Other marine organisms known to be affected by the toxins are sea urchins, an ecologically important herbivore. In southeastern Brazil, Equinometra lucunter individuals showed alterations on their exoskeleton, accompanied by high mortality. It did coincide with an outbreak of a benthic dinoflagellate, previously reported as belonging to Prorocentrum sp. but after confirmed to be Ostreopsis ovata [52]. Furthermore, algal extracts from this occurrence were used to carry out toxicity tests, namely the Artemia salina assay (Table 2). This marine invertebrate displayed 100% death after being exposed to an extract of no more than 125 O. ovata cells [66]. Chemical analyses confirmed the presence of a PTX-like compound in samples. A further toxicological test with O. ovata extracts from the Mediterranean Sea revealed a similar association between Artemia salina mortality after 24 h and the number of algal cells [52,77]. In this case, 542 to 906 cells/mL were sufficient to cause 65% to 100% death, respectively. Recently, it was also observed that summer blooms of O. siamensis killed sea urchins in New Zealand [57]. Another study from this austral country corroborates these findings [39]. A strong negative effect between the health of the sea urchin Evechinus chloroticus and the benthic cover of O. siamensis was demonstrated. The echinoderm densities declined by 56–60% at bloom sites over the study period (Table 2).

4. Summary

PTX and its analogs are potent marine toxins known to cause fatality of several animals, including humans. Even so, despite this obvious acute biological impact, little is known about the real consequences that these toxins may have on coastal communities. Because of the human health risks, attempts continue to be made aiming for the development of a validated assay for the rapid, sensitive and specific detection of PTX and/or analogs. The accomplishment of these requisites and its optimization have been evaluated or developed in some of the aforementioned studies and comprise either analytical methods or biological assays. Nevertheless, none are able to meet all the requirements per se, and so a combination of fast and confirmatory methods still seems to be the more appropriate approach for monitoring purposes. Moreover, it is also expected that once the biochemistry and molecular genetics involved in the biosynthesis of these toxins is elucidated, new methodological approaches will be possible for the detection of PTX and PTX-like producers.
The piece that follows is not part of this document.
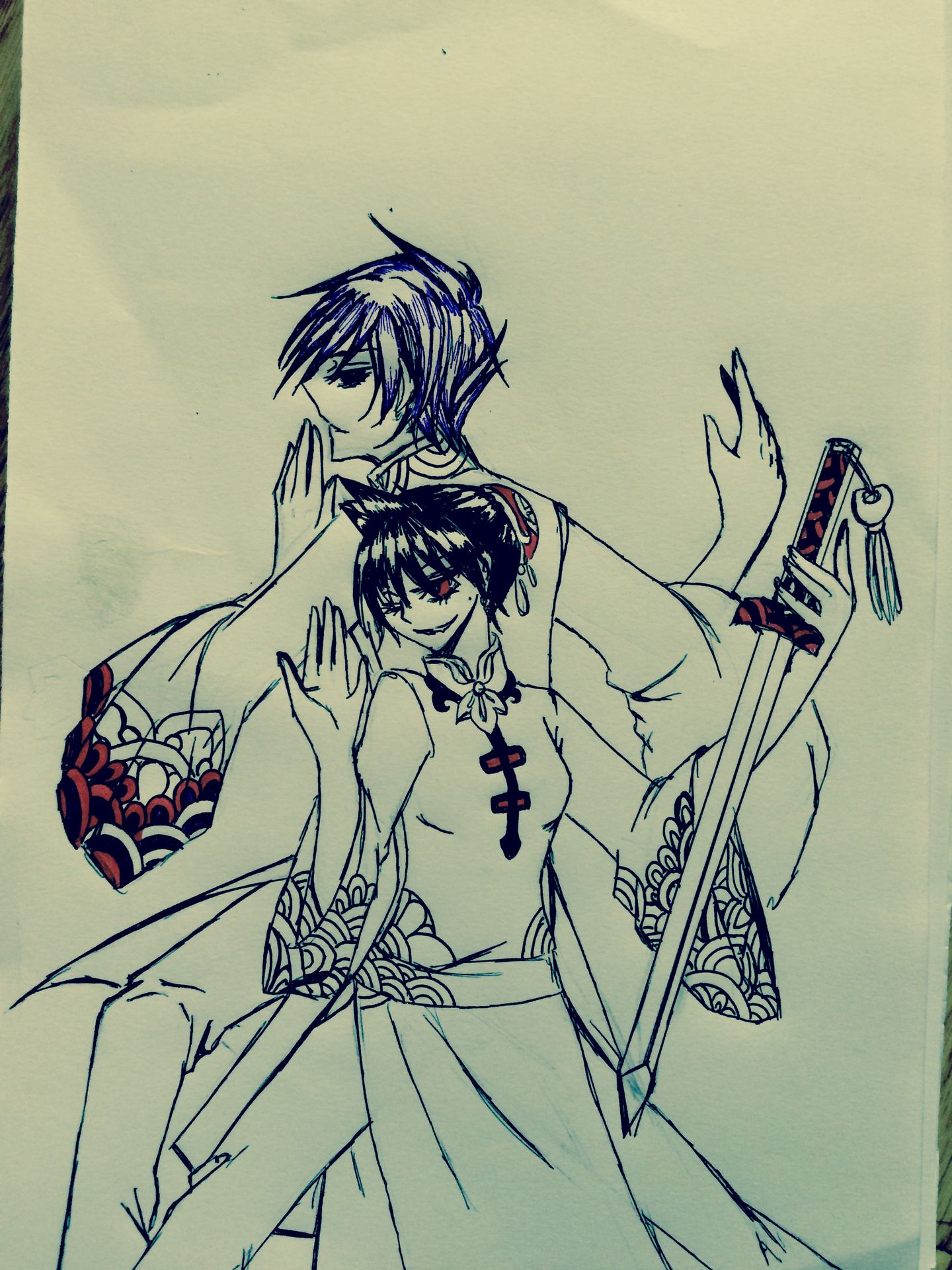 B2: phác xong rồi các bạn dùng bút đen line vào :vvv ( đừng chú ý họa tiết :v line vội quá :v )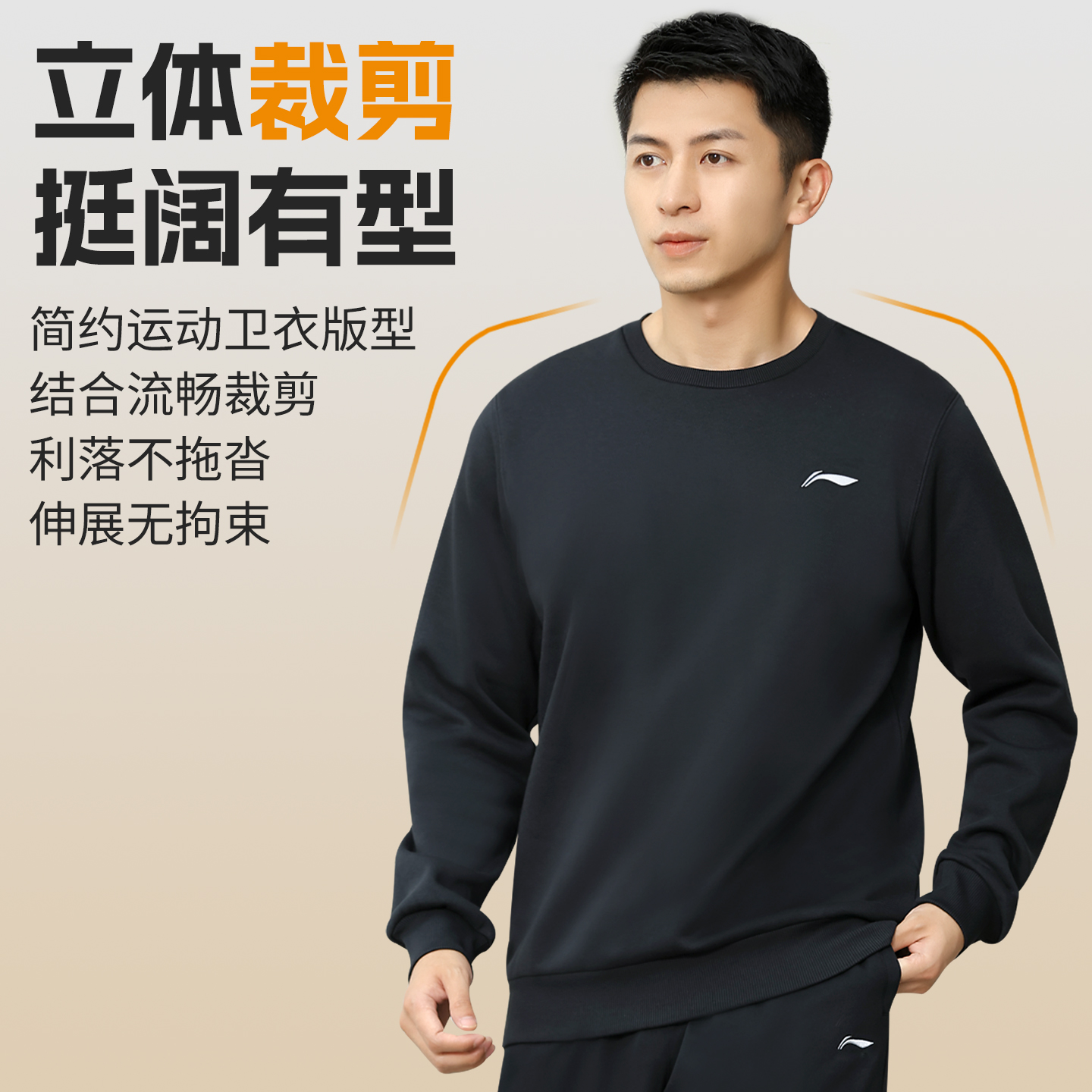 李宁加绒运动套装男款秋冬2025新款圆领卫衣卫裤跑步长裤宽松正牌

Marine organisms associated with soft corals in tropical and subtropical regions appear to be adapted to the presence of PTX. Respecting to temperate climates, where the biota are supposed to be more susceptible to the toxin, the impact is quite obvious. Data on the biological and ecological effects of these toxins presented previously expose these findings. They show that different organisms, belonging to diverse trophic levels of the marine food chain, are susceptible to being affected by these toxins, some of them commercially valuable seafood products. Nevertheless, the data are retrieved mainly from ex situ toxicological studies and from a few reports about community structure changes observed in natural populations. This information is an important contribution to better understand the effect that these toxins may have in marine food webs and ecosystem structure and function. However, the true ecological impact of the distribution of PTX and its analogs still needs to be assessed. It will be relevant that future studies highlight the impact of the toxins along horizontal and vertical levels of the food chain, in different ecosystems, and to the mid- and long-term. Moreover, it will be important to survey the dynamics of the expansion of these toxins worldwide, in particular by monitoring other temperate regions.

Acknowledgments

We acknowledge the project ATLANTOX for partially funding this research.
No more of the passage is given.